Fremont (After Long Silence, 1999) continues—and alters—her story of how memories of the Holocaust affected her family.

At the age of 44, the author learned that her father had disowned her, declaring her “predeceased”—or dead in his eyes—in his will. It was his final insult: Her parents had stopped speaking to her after she’d published After Long Silence, which exposed them as Jewish Holocaust survivors who had posed as Catholics in Europe and America in order to hide multilayered secrets. Here, Fremont delves further into her tortured family dynamics and shows how the rift developed. One thread centers on her life after her harrowing childhood: her education at Wellesley and Boston University, the loss of her virginity to a college boyfriend before accepting her lesbianism, her stint with the Peace Corps in Lesotho, and her decades of work as a lawyer in Boston. Another strand involves her fraught relationship with her sister, Lara, and how their difficulties relate to their father, a doctor embittered after years in the Siberian gulag; and their mother, deeply enmeshed with her own sister, Zosia, who had married an Italian count and stayed in Rome to raise a child. Fremont tells these stories with novelistic flair, ending with a surprising theory about why her parents hid their Judaism. Yet she often appears insensitive to the serious problems she says Lara once faced, including suicidal depression. “The whole point of suicide, I thought, was to succeed at it,” she writes. “My sister’s completion rate was pathetic.” Key facts also differ from those in her earlier work.
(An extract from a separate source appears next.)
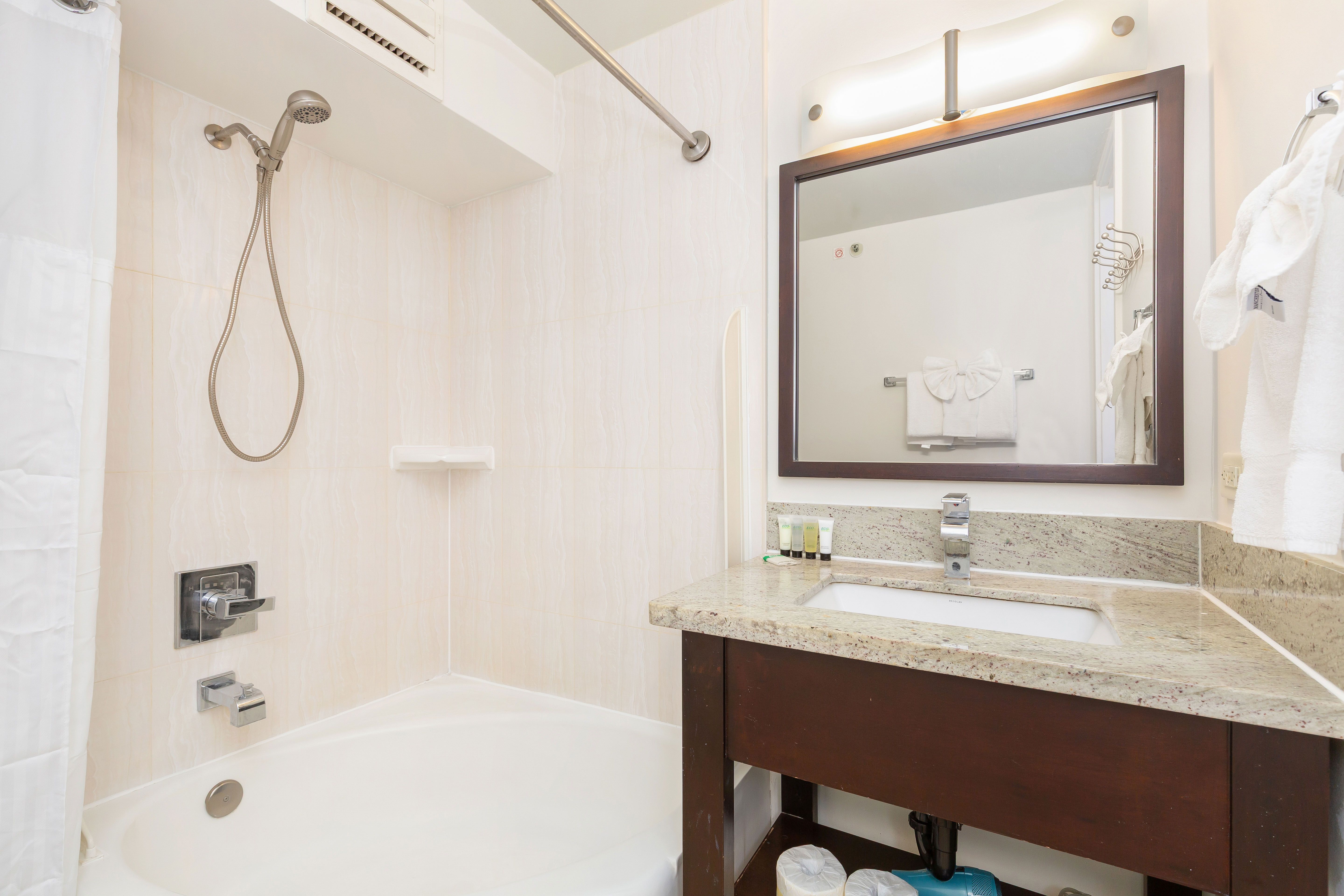 Thoughtfully designed bathroom with a mirror and vanity space

After Long Silence says, for example, that the author grew up “in a small city in the Midwest” while she writes here that she grew up in “upstate New York,” changes Fremont says she made for “consistency” in the new book but that muddy its narrative waters. The discrepancies may not bother readers seeking psychological insights rather than factual accuracy, but others will wonder if this book should have been labeled a fictionalized autobiography rather than a memoir.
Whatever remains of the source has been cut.